I'm for defaulting to a max duration for recv_timeout. I'd also like to note that this could still panic for unreasonable values of last_recv (near the representational limit).

I'd also like to note that this could still panic for unreasonable values of last_recv (near the representational limit).

This is true, but in practice last_recv is fully under our control, and is always the result of calling Instant::now() (unlike any of the timeout parameters, which ultimately come from outside, either directly from the BFD peer or indirectly by way of Nexus -> mgd in terms of parameters). I think it's okay to leave the + in here because of that?

I could also drop this in a comment if you think that'd be an improvement. I'm on the fence.

I think it'd be slightly better to deal with it separately:

Make sure recv_timeout is sensible when it is set ("by construction").

If the checked add fails you return the maximum representable or something like that. In that case it should only fail if the value was tempered with or we're at the heat-death of the universe so we can return whatever. Not doing this last unchecked add at least doesn't trick us into checking (with our brains) every time we look at it.

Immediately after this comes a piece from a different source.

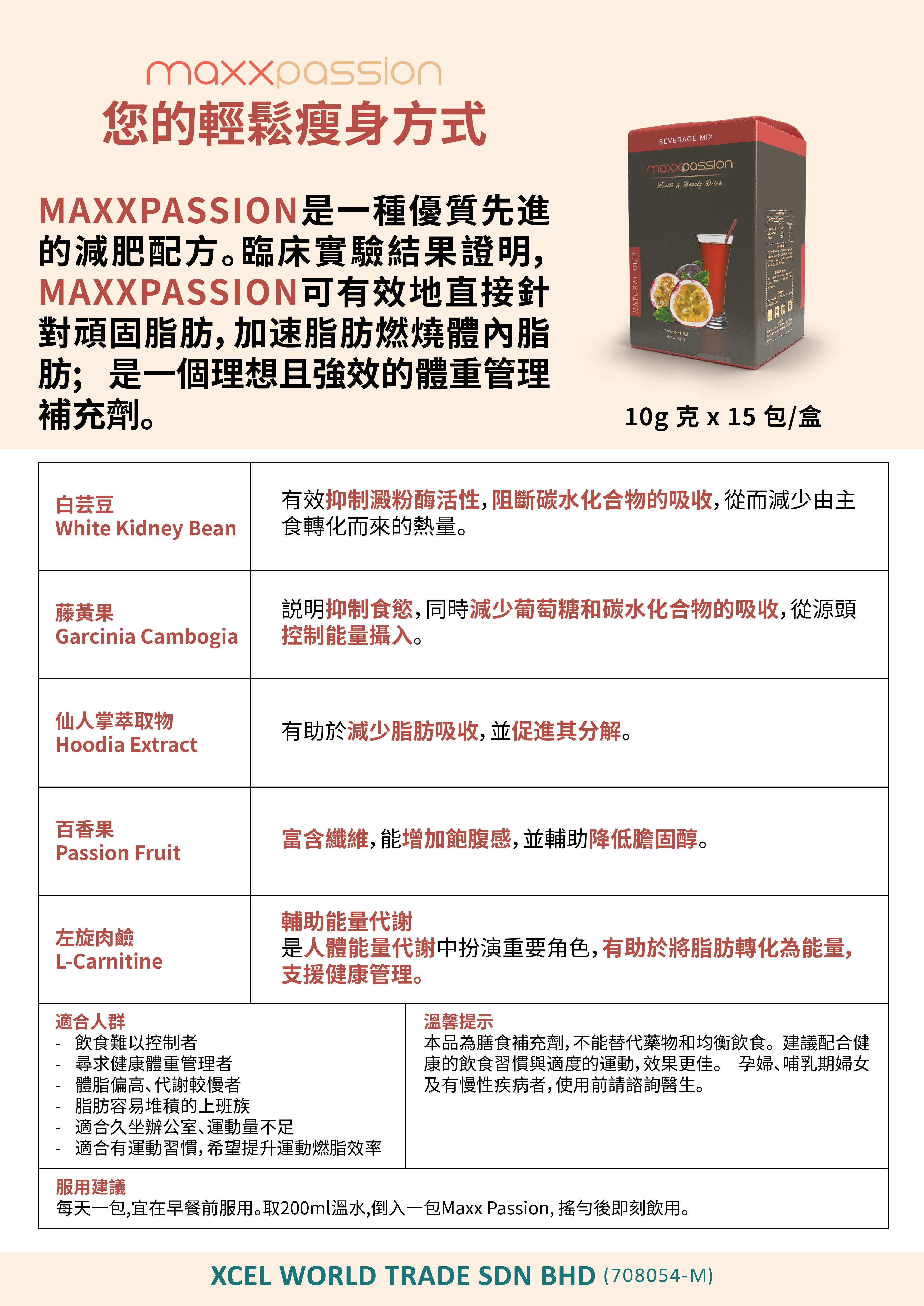 馬來西亞保健品公司XCEL🏅最新推出的減重產品maxx passion🍹採用了多種天然植物提取物☘能有效幫助人體燃脂減重,五大成分包括💁🏻‍♀ 1. 百香果提取物 - 含有豐富的維生素和纖維素,可以幫助身體清除自由基✅修復組織與細胞,以防止心臟疾病❤提高消化能力和清洗結腸👍🏻 2. L-肉碱 - 協助調節脂肪代謝,降低血液內與高膽固醇有關的脂肪🩸有助於減肥⭐改善血液循環不暢,有助於對抗冠狀動脈心臟疾病💕 3. 白芸豆 - 含有豐富的蛋白質和膳食纖維🈲阻止碳水化合物(澱粉質)被吸收到我們的身體🩻 4. 仙人掌提取物🌵 - 富含維生素E、B族維生素和多種礦物質🉑能夠有效調節腸道菌群,改善腸道功能,促進新陳代謝🌷它還具有抑制食慾,抑制脂肪合成的作用🤩 5. 藤黃果 - 有助於提高新陳代謝,減緩卡路里的攝入量⛔能夠抑制脂肪合成,增加熱量消耗,從而達到燃脂減重的作用💎同時它還具有調節血糖、降低膽固醇的功效😍 產品已獲多重國際認證許可,信心保證🫶🏻 ⚜Certificate of GMP ⚜Certificate of MeSTI ⚜Halal Certificate ⚜Certificate of HACCP 綜合上述多種天然植物提取物🌿通過調節代謝、抑制食慾、燃燒脂肪等多重機制,有助於快速有效地減輕體重🥳是一款非常不錯的減肥輔助產品🎁 包裝:10g x 15小包 飲用方法:200ml溫水加入maxx passion,搖勻後即可飲用 (建議每天早上於餐前服用,效果更佳) EXP: 08/2027

nicolaskagami · 2026-06-22T19:50:51Z

+    pub fn packet_received(
+        &mut self,
+        packet: packet::Control,
+        now: Instant,
+    ) -> PacketReceivedResult {
+        self.update_remote_peer_info(&packet);
+        self.recv_deadline = next_recv_deadline(&self.local, now);
+
+        if packet.poll() {
+            let mut pkt = self.make_packet_to_send();
+            pkt.set_final();
+            self.poll_responses.push_back(pkt);
+        }
+
+        match packet.state() {
+            packet::State::Peer(peer_state) => {
+                self.update_remote_peer_state(peer_state)
+            }
+            packet::State::Unknown(_) => PacketReceivedResult::UnknownPeerState,
+        }
+    }


I noticed that we don't persist the remote state (bfd.RemoteSessionState).

I understand that on normal circumstances it may not matter, but there are a few RFC statements that explicitly check for it (6.8.6, 6.8.7).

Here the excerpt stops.